Japanese high-tech giant Toshiba Corp. announced Friday its biggest ever loss and warned it would remain mired in the red this year because of weak demand computer chips.
The group, which owns US nuclear plant maker Westinghouse, suffered a net loss of 343.6 billion yen (3.5 billion dollars) in the year to March, against a year-earlier profit of 127.4 billion yen.
It logged an annual operating loss of 250.2 billion yen, against a profit of 246.4 the previous year. Revenue slid 13 percent to 6.65 trillion yen.
"The economic downturn has appeared to hit bottom but we are not seeing a recovery yet," vice president Fumio Muraoka told reporters. "We cannot expect a rapid rebound."
He blamed the loss -- Toshiba's first in seven years -- on the global economic downturn, steeper than expected declines in semiconductor prices, and a stronger yen.
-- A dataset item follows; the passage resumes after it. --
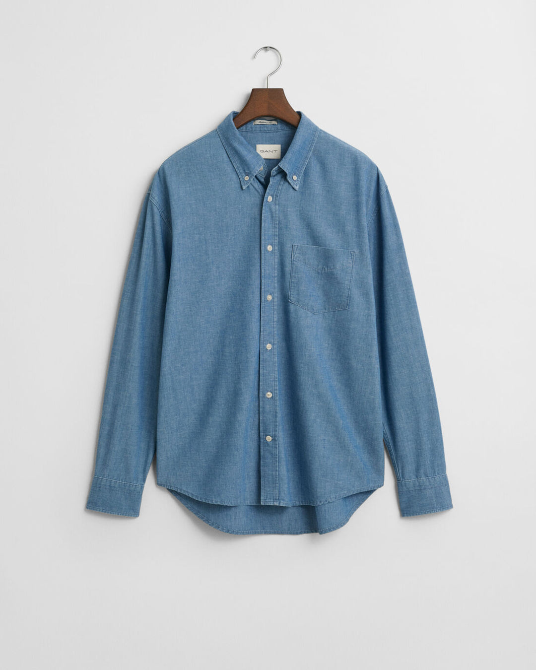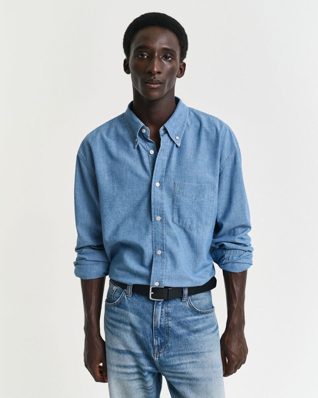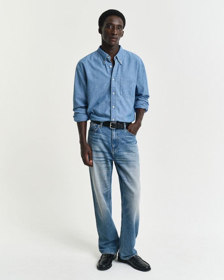 Ova košulja je tkana od premium indigo chambray materijala, koji uključuje mješavinu viskoze, lana, recikliranog pamuka i recikliranog poliestera. Prana za autentičan izgled, ima okovratnik na gumbe, podesive manžete, zakrivljeni rub, džep na prsima i box plisiranje s našim prepoznatljivim "locker loop" detaljem na leđima. Na košulji je izvezen klasični GANT logotip na placketu rukava za suptilni branding. Ova košulja ima opušteni kroj. Za uži fit, preporučujemo da odaberete manju veličinu.

In the fiscal fourth quarter alone, Toshiba suffered a net loss of 184.0 billion yen, against a year-earlier profit of 1.25 billion yen.
The company's core semiconductor business fell into the red last year amid slumping demand for NAND flash memory chips used in portable digital music players and other gadgets.
Sales of nuclear energy systems were one bright spot in Toshiba's gloomy performance, helping its social infrastructure division to log an annual operating profit of 77.9 billion yen.
Toshiba said in March it was tapping vice president Norio Sasaki, an expert in nuclear power technology, to lead it through the crisis, underscoring its growing commitment to the energy industry.
The company is forecasting a net loss of 50 billion yen for the financial year to March 2010 on revenue of 6.8 trillion yen. But it aims to return to the black at the operating level with a profit of 100 billion yen.
The group, which is slashing thousands of jobs, plans to raise up to about 490 billion yen by selling shares and bonds to help pay for restructuring.
"With the significant deterioration in our finances, our stamina for structural reform is weak," said Muraoka.
"If we neglect to take action now, we will lag behind even if the global economy recovers. Speed is needed in the current conditions, and we have no time to lose," he added.
NAND flash memory prices fell 70 percent in the last fiscal year and are expected to drop 30 percent this year, Muraoka said.
The digital products division is forecast to eke out a profit this year on sales of mobile telephones and hard disk drives, while the electronics devices segment is expected to show an improvement but still remain in the red.